In effect, the unelected Senate, consisting at that time of 86 Senators, ignored the court’s timeline and chose, instead, to take their own time to review the bill and make their own amendments.  The Senate did exactly what it chose to do, regardless of the public or the elected House of Commons.  The Senators represent no one but themselves and were indifferent to the Canadian public in overriding the elected representatives of millions of citizens.

However, when the Senate returned the amended bill to the House of Commons, the latter stood firm and rejected the Senate’s terminal illness amendment.  The bill was then returned to the Senate and, as a consequence, it was faced with a dilemma.  The Senators were obviously intoxicated with new power brought about by Trudeau, who in 2014 ordered them to become independent and cease to be “Liberal” Senators accountable to the party.  With this new independence, the Senators could kill the bill by stonewalling the bill until the House of Commons tailored the legislation to its will, or it could bow to the will of the elected House of Commons and pass the bill.  In the end, reluctantly, the Senate passed the bill 48-22 and it was then passed by the House of Commons, breaking the legislative log jam.

Will the Senate, even though it chose to give the House of Commons the benefit of the doubt this time, do so in the future?  Was this whole episode a warning signal?  Perhaps.

Does the appointed Senate have the right to be a chamber of, not second thought, but rather of final thought?  In short, is it the Senate’s role to develop and create social policy by overriding the will of the elected House of Commons?

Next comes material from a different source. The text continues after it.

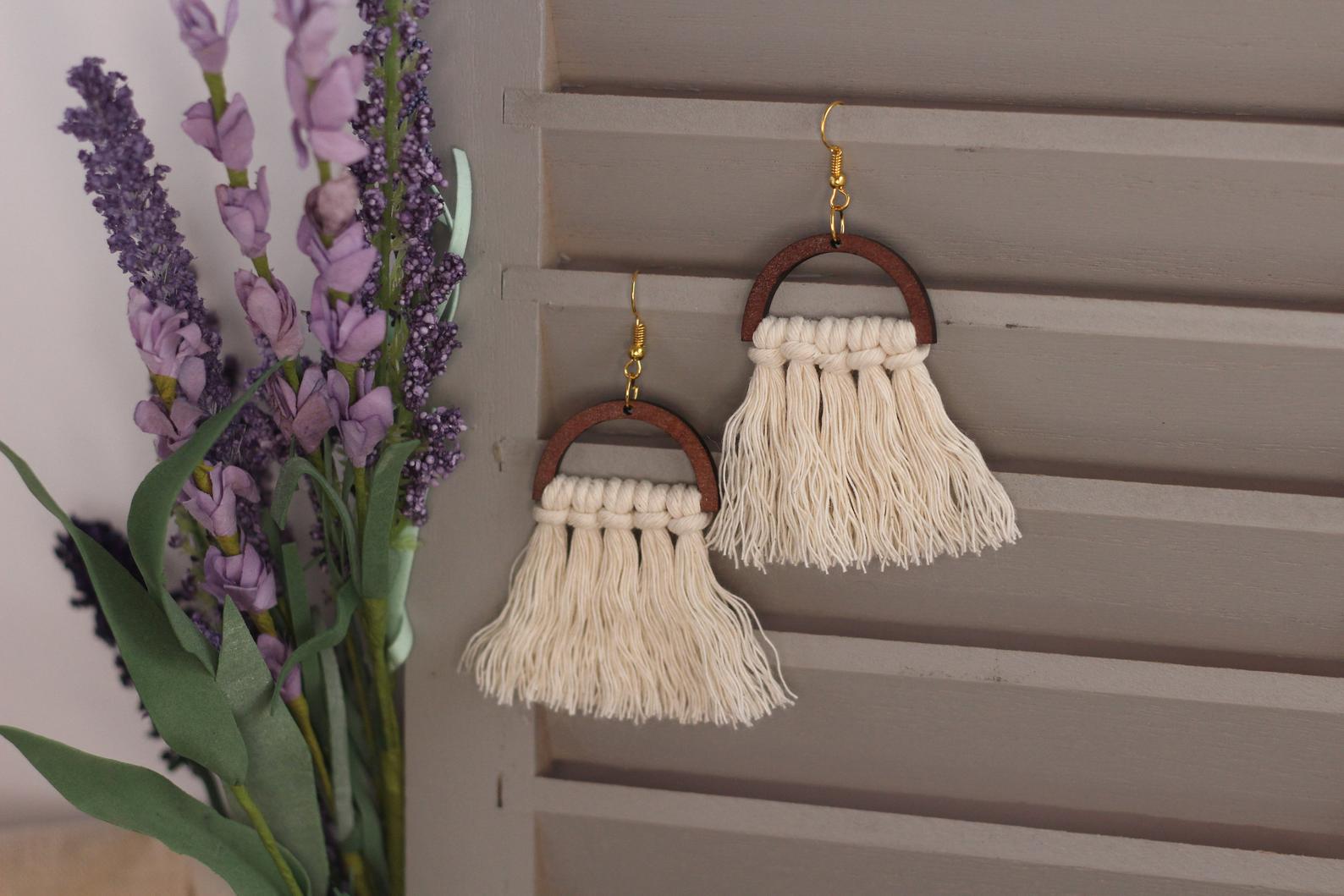 These earrings are beautiful, lightweight, and make perfect gifts. They are the perfect accent to any outfit for any occasion. Macrame earrings are made from laser cut natural wood or stainless steel, natural cotton cord, and the findings are nickel and lead free, perfect for sensitive ears.

We will have to wait and see whether we will eventually live under an unappointed Senate living in its paradise of unaccountability, and generous remuneration, standing up on its hind legs and telling us what to do.

It seems, however, that Trudeau has solved this problem for now with his recent appointments to the Senate (see REALity  article: The Great Senate Hoax.

While the tangled Bill C-14 process was taking place, it was being closely watched by the judges of the Supreme Court.  The latter will not hesitate to pounce on the bill, and reject the finished product i.e. the law on life and death of vulnerable human beings, if it doesn’t suit their own individual perceptions of what they think the law should say.  A few weeks after the bill was passed the BC Civil Liberties Association launched a court case to strike down the provision in the law of “reasonably foreseeable” death to give the court the opportunity to strike the bill down.

It is all too easy for judges sitting on the Supreme Court in isolation and solitude, removed from the public, to decide what the law should be.  Judges do not have to deal with the irksome, messy process of democracy.  They, like the senators, are accountable only to themselves and can and do act according to their own individual biases and whims.  Not for them, the untidy business of public debate. The latter would only confuse them!

What a mess we have created in Canada.  The views of the public are excluded from proceedings, ignored by unelected, well-paid elites, sitting in splendid isolation from the public.  This is a terrible violation of democracy.